Изменить стиль страницы

Винс стоит, глядя на долину, спина прямая, ноги слегка расставлены. Рубашка его теперь, пожалуй, годится только на выброс, а брюкам нужна хорошая чистка. Надо будет объясняться с Мэнди. Он что-то неразборчиво произносит, точно хочет сделать объявление, но не может его выговорить или забыл, о чем оно. Потом ныряет рукой в банку и быстро кидает, по-прежнему бормоча, раз, другой. Это похоже на белую пыль, на перец, но ветер тут же уносит все без следа. Потом Винс завинчивает крышку обратно, поворачивается и идет к нам.

— То самое место, — говорит он, вытирая лицо. — То самое.

Рэй

«Так что я все знаю, Рэйси», — сказал он.

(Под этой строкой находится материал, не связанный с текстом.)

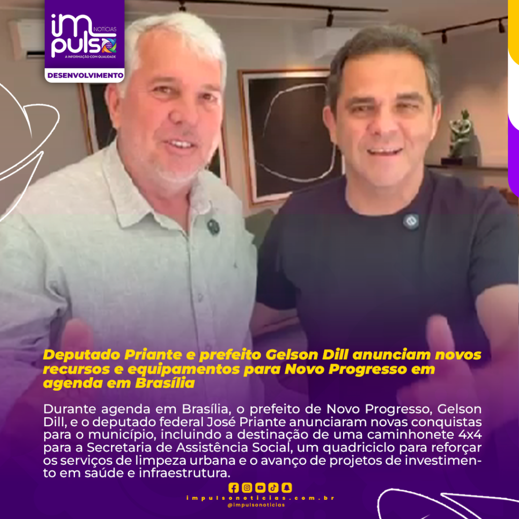 Durante agenda em Brasília, o prefeito de Novo Progresso, Gelson Dill, e o deputado federal José Priante anunciaram novas conquistas para o município, incluindo a destinação de uma caminhonete 4×4 para a Secretaria de Assistência Social, um quadriciclo para reforçar os serviços de limpeza urbana e o avanço de projetos de investimento em saúde e infraestrutura.
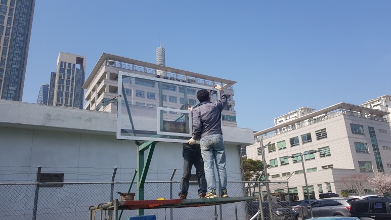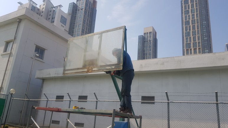 백보드를 철거한 후에 새롭게 제작된 백보드와 기존에 있는 볼트 구멍에 맞게 타공 작업을 진행합니다.
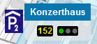 Online zeigt unsere Karte die Anzahl der aktuell freien Plätze in den Parkzonen und den Parkhäusern mit dem Namen und der Nummer des Parkhauses sowie einer Ampel, die über die Auslastung informiert.
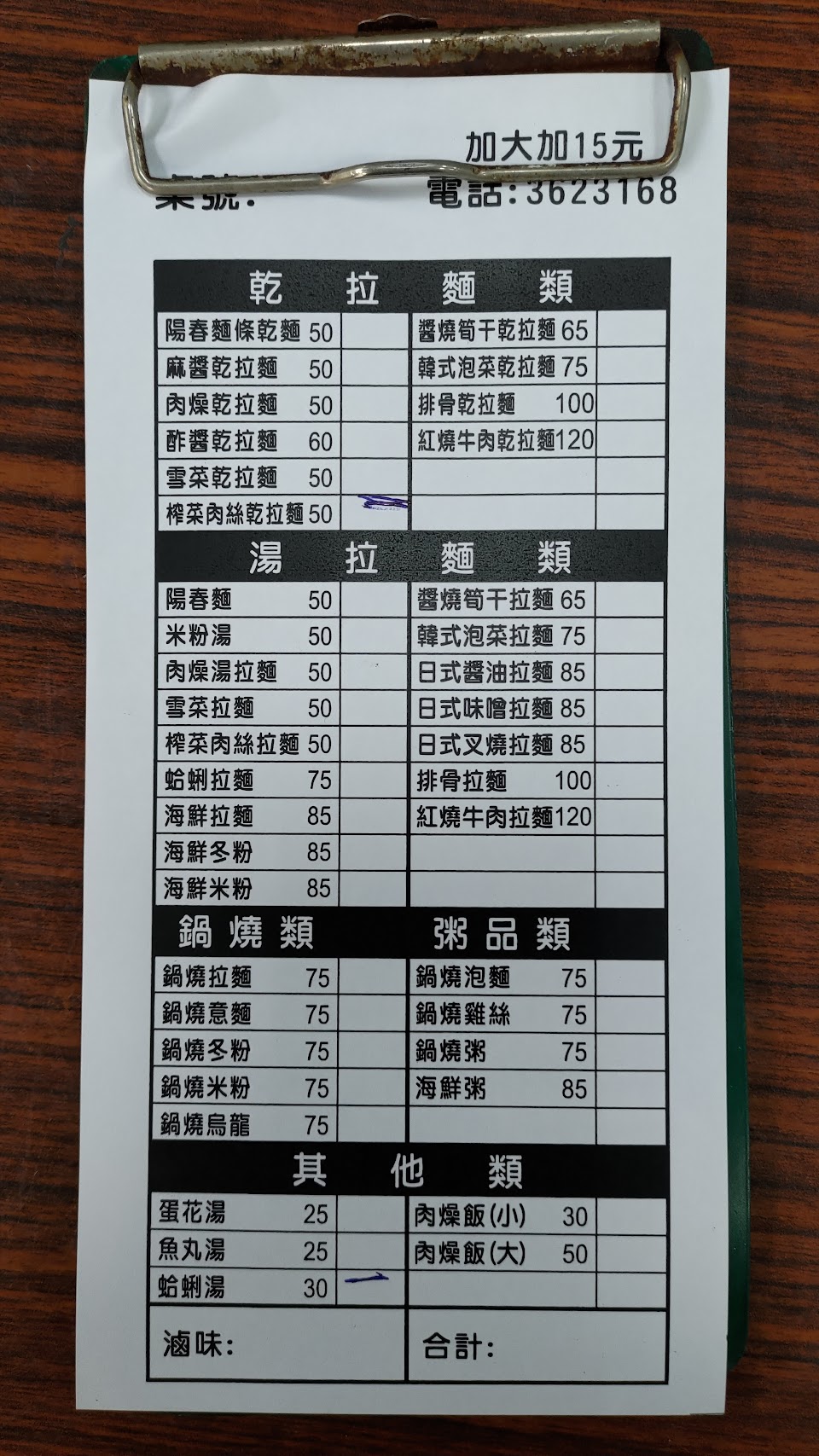 今天點了一碗「日式叉燒拉麵」,一碗75元,料和量都一般,價格算平價,味道不特別但也不致於差,如果可以讓顧客有驚喜的話會更好喔! 另外停車方面沒有特別的停車位,需停在公共的停車格。 老闆很親切,送餐時都面帶微笑,感覺這是一家以附近居民為主要客源的店家,然後內裝方面有些悶熱,如果可以將用餐區隔離開來,相信會有更棒的用餐體驗,另外現在的衛生意識高漲,店家目前的筷子依舊是用免洗筷,覺得可以換成塑膠筷或是鐵筷,這樣也可以順便照顧地球唷!希望下次光顧時可以有更好的用餐氛圍喔?
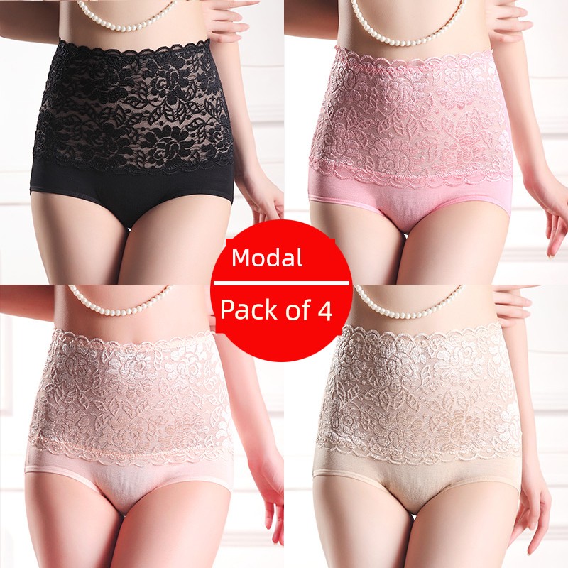 Modal High Waist Belly Contracting Sexy Bamboo Charcoal Fiber Underwear -Shrimp red + shrimp color + apricot + black
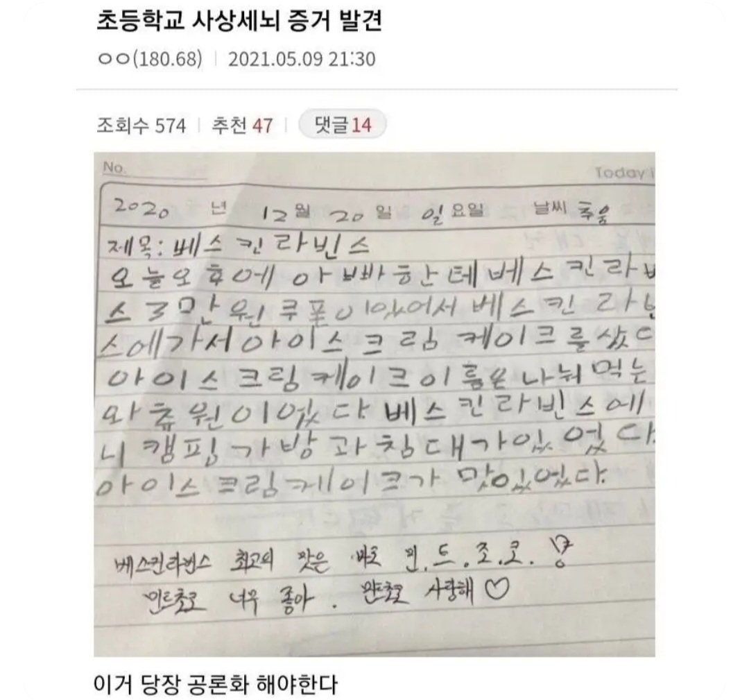초등학교 사상 주입 증거 발견

После операции, которая не была операцией, прошло уже полтора дня, и он больше не был слабым и вялым, и мысли у него больше не путались. Я и не помню, когда еще видел его таким бодрым, собранным, — он сидел у себя наверху в этой своей короткой белой рубахе вроде халатика, и трубок у него прибавилось, теперь некоторые шли ему за спину. Можно было подумать, что в него каждый божий день втыкали новую. Но там, в палате, были и другие, почище Джека — сплошь трубки, трубки да провода да банки с приборами, прямо целые химические установки. Так что надо было как следует вглядеться, если ты хотел увидеть за всем этим живого человека, понять, осталась ли еще там внутри человеческая начинка.

Но он сидел в постели, прямой, неподвижный. Я подумал: как будто с него пишут портрет, его последний портрет, без лести, без прикрас, и никто не знает, сколько времени это займет. Две недели, три. И ничего от тебя не надо: только сиди и будь самим собой.

Я не знаю, что полагается говорить человеку, когда он говорит тебе, что все знает. И потом, одно дело знать, что полагается, и совсем другое — столкнуться с этим в жизни. Так что я посмотрел вниз, на одеяло, потом снова на него, а он все глядит на меня в упор, прямо в глаза, сидит и не шелохнется, хочет ведь сказать, что раз он способен взять себя в руки, то уж мне-то сам Бог велел, он ведь не перестал быть собой только потому, что узнал. Наоборот.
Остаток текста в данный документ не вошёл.